(BRIEF): Take the lines from the head of the listing through the one bearing "Футболка для девочки" and copy them exactly, leaving every picture out.

(PROVIDED DATA):
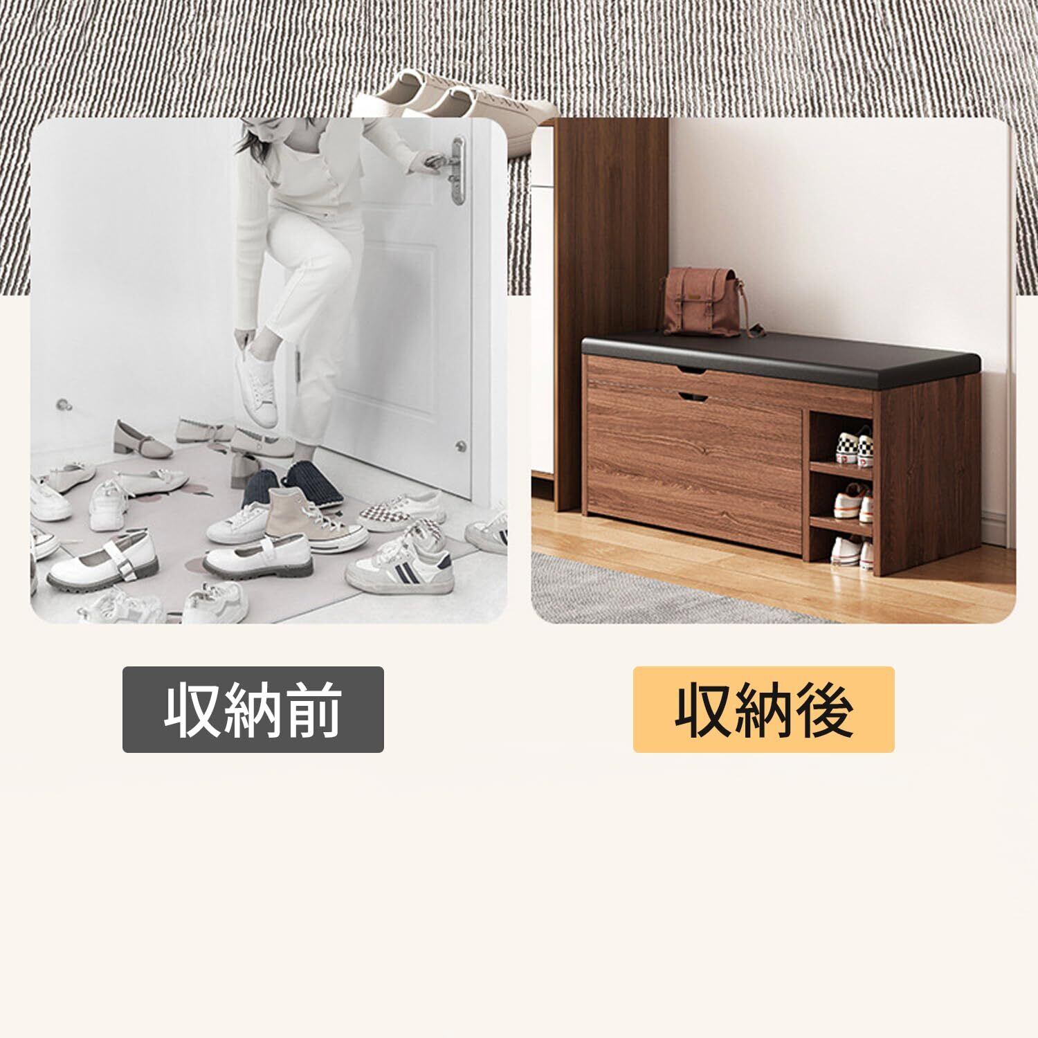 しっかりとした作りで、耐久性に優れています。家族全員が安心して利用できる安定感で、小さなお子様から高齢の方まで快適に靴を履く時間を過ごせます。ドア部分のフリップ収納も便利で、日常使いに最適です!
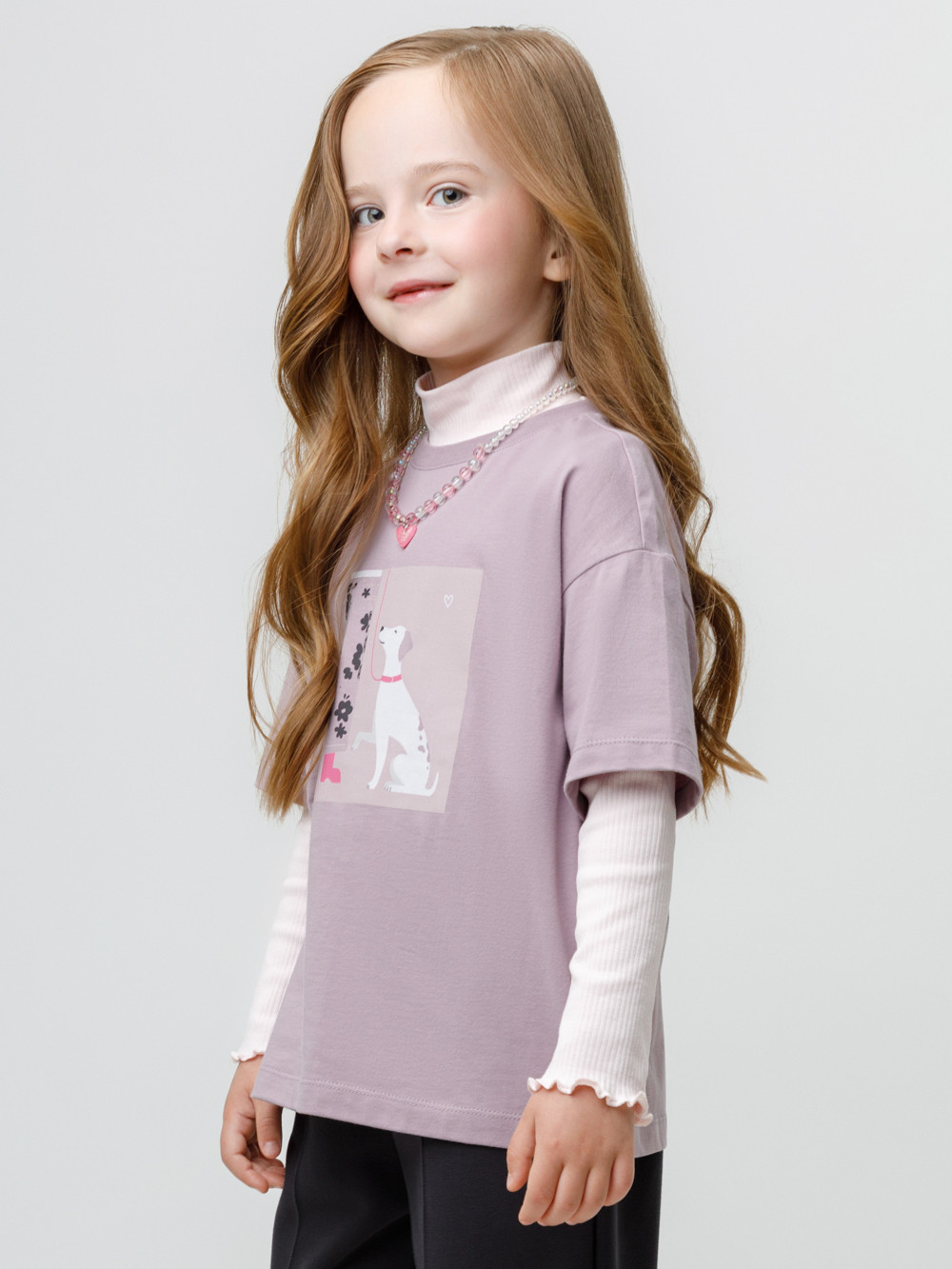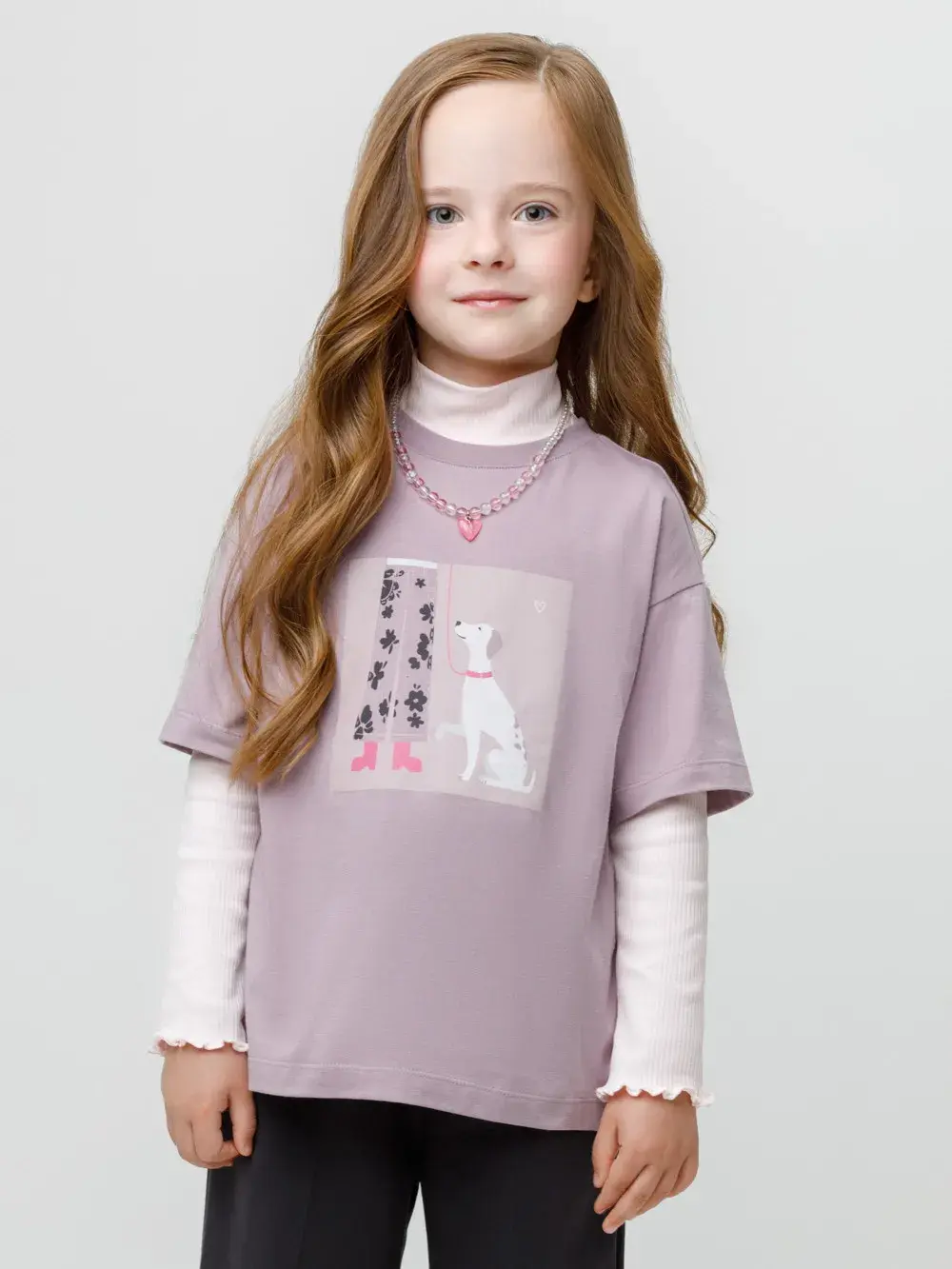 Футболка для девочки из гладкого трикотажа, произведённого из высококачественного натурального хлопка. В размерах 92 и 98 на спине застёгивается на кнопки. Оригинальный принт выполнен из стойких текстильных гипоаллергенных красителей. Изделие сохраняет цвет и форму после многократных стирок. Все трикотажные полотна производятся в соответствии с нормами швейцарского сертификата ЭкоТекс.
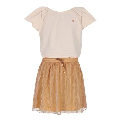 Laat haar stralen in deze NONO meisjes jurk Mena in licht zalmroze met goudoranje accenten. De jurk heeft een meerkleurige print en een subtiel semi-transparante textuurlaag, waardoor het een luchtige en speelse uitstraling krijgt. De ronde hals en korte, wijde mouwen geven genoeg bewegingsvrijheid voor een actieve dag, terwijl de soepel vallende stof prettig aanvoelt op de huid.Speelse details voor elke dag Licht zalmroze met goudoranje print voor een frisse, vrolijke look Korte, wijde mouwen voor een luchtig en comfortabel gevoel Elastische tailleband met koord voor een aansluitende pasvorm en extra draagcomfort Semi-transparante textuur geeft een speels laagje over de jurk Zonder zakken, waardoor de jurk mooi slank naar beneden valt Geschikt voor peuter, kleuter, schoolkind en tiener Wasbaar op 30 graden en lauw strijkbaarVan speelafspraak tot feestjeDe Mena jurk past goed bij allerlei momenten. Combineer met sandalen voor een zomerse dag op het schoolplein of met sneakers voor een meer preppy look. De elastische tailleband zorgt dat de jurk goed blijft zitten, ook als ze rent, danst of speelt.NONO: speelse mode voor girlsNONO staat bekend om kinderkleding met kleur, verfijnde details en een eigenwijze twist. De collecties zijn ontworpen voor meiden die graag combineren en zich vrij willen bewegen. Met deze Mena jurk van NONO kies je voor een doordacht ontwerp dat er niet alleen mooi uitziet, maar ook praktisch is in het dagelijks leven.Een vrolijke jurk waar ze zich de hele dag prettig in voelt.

(YOUR SOLUTION):
 しっかりとした作りで、耐久性に優れています。家族全員が安心して利用できる安定感で、小さなお子様から高齢の方まで快適に靴を履く時間を過ごせます。ドア部分のフリップ収納も便利で、日常使いに最適です!
 Футболка для девочки из гладкого трикотажа, произведённого из высококачественного натурального хлопка. В размерах 92 и 98 на спине застёгивается на кнопки. Оригинальный принт выполнен из стойких текстильных гипоаллергенных красителей. Изделие сохраняет цвет и форму после многократных стирок. Все трикотажные полотна производятся в соответствии с нормами швейцарского сертификата ЭкоТекс.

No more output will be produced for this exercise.